X² = ∑ (O-E) ² /E, where
X² = Chi-squared statistical value
O = Observed frequency of data set
E = Expected frequency

And here are the important variables for a chi-squared test:

  • Data must be generated from a natural-number set, which means that we can’t consider assigned numbers, parts references, etc. A typical variable that can be considered to be natural is the total amount of accounts payable data set.
  • Data should be capable of being characterized as “categorical variables.” These variables can take on one of a limited, and usually fixed, number of possible values, assigning each individual or other unit of observation a group or nominal category based on some qualitative property. (See the website, The Practice of Statistics, by Dan Yates, David S. Moore and Daren S. Starnes.) They can be designated as attributes that would signify the qualities of a substratum of data set. In this case, we’d associate the beginning of each data set with an identified first digit. We’re likely to have digits starting from 1 to 9 or nine categories in all.
  • “Degrees of freedom” is the number of independent category variables or similar information used in the computation of the chi-squared statistic, less one.

Here are the steps to follow in the computation:

  1. Populate the expected frequency.
  2. Populate the observed frequency.
  3. Find the difference between observed and expected frequency.
  4. Square the difference.
  5. Divide the difference obtained in step 4 by the number of expected frequencies.

Back to Rafal Inc. and a probable manipulation in warranty claims data

Rafal Inc. was in the business of manufacturing and selling cardio exercise machines across the U.S. for 10 years. The company sold its machines under warranty for spare parts and labor. End customers (mostly hospitals and nursing homes) could claim warranties either with authorized dealers or directly with the company.

The company consistently updated in its ERP financial software its list of warranty replacement parts (spares) plus standard costs for the parts and labor. And Rafal debited cost of goods sold (COGS) with the standard costs at the time of depletion of inventory and subsequent shipment for parts replacement.

The company included warranty spares and labor costs in the books of account based on a mathematical warranty estimation model that had a weighted average cost of past claims, their failure history, economic useful life, supply pipeline, availability of substitutes and their costs, plus the life of the substitutes and the U.S. regions in which customers made claims in nine-, five- and three-year periods.

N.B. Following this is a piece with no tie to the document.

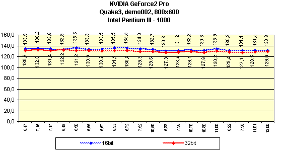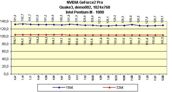 Когда почти год назад появился GPU GeForce2 GTS, снабженный относительно медленной 166-мегагерцовой DDR-памятью, многие обозреватели посчитали, что выпуск таких несбалансированных карт - явление временное, и стали ждать появления карт с установленной на них более быстрой памятью. Однако, это ожидание растянулось на несколько месяцев, и только к осени 2000 года появились первые ласточки подобных карт. Как и следовало ожидать, при той же частоте чипа наличие 200-мегагерцовой DDR-памяти дало очень хороший прирост в производительности. Таким картам присвоен суффикс Pro, они поступили в продажу по значительно более высоким ценам, нежели предыдущие продукты семейства GeForce2. Хотя чип и называется GeForce2 Pro, это, по сути, тот же GeForce2 GTS, потому как работает на тех же 200 МГц. Несмотря на то, что NVIDIA рекомендовала использовать такие GPU в сочетании с 64-мя мегабайтами видеопамяти, в последнее время некоторые производители уже начали выпускать 32-мегабайтные варианты GeForce2 Pro - карт. Эти платы занимают нишу средних по стоимости видеокарт игрового класса, однако в связи с явным замещением GeForce2 GTS более производительным GeForce2 Pro и массовым выпуском последнего, цена карт на последнем интенсивно снижается. Поэтому уже сейчас GeForce2 Pro - карты стали очень популярными (судите сами: совсем недавно за такую же цену можно было купить карту на базе GeForce2 MX400, а стоимость MX400-карт от именитых производителей и до сих пор держится на том же уровне).

Where records of spare part claims were available for less than three years, the basis of estimates was one of simple mean — an average of the actual claims made over the actual period of claim. The authorized dealers lodged their claims based on their technical mechanical evaluations. Rafal made the warranty claims payout to dealers after it approved them as per the authorization matrix.

In this case, Rafal gives John, the newly appointed controller, the task of reducing spiraling labor costs. John has his work cut out for him. He must figure out the reasons for the increasing trend, do a root-cause analysis and then ascertain steps to remediate the shortcomings, if any. He consults with Tim, the forensic professional, who suggests applying Benford’s Law to discover any possible intrusions or compromises in the booking of labor claims by the authorized dealers to Rafal.

Tim gives these steps:

  1. Determine and state the null and alternate hypotheses.
  2. Set the criterion for rejecting the null hypothesis.
  3. Calculate the “t-test statistic”; in this case, it will be chi-squared test statistics.
  4. Tabulate research findings.
  5. Interpret the results and decide whether to reject or accept the null hypothesis. (If they reject the null hypothesis, they use the results to investigate further on the variances or discrepancies.)
  6. Draw conclusions.

(Note: In this case, no statistical difference between observed and expected frequencies of the first digit of the data set means there’s no compromise or intrusion in the data set. This forms the null hypothesis. However, we might need to test the null hypothesis using the “level of significance” test. Level of significance is the limit of probability of incorrectly rejecting the null hypothesis when it’s actually true. Where the critical value computed by the chi-squared test on the observed frequencies is greater than that computed at a desired level of significance, it would be appropriate to reject the null hypothesis and go for the alternate hypothesis.)

Steps 1, 2 and 3

Step 1: Null hypothesis (Ho: 0) = E: There’s no statistically significant difference between the observed and expected logarithmic frequencies of warranty labor claims as per Benford’s Law.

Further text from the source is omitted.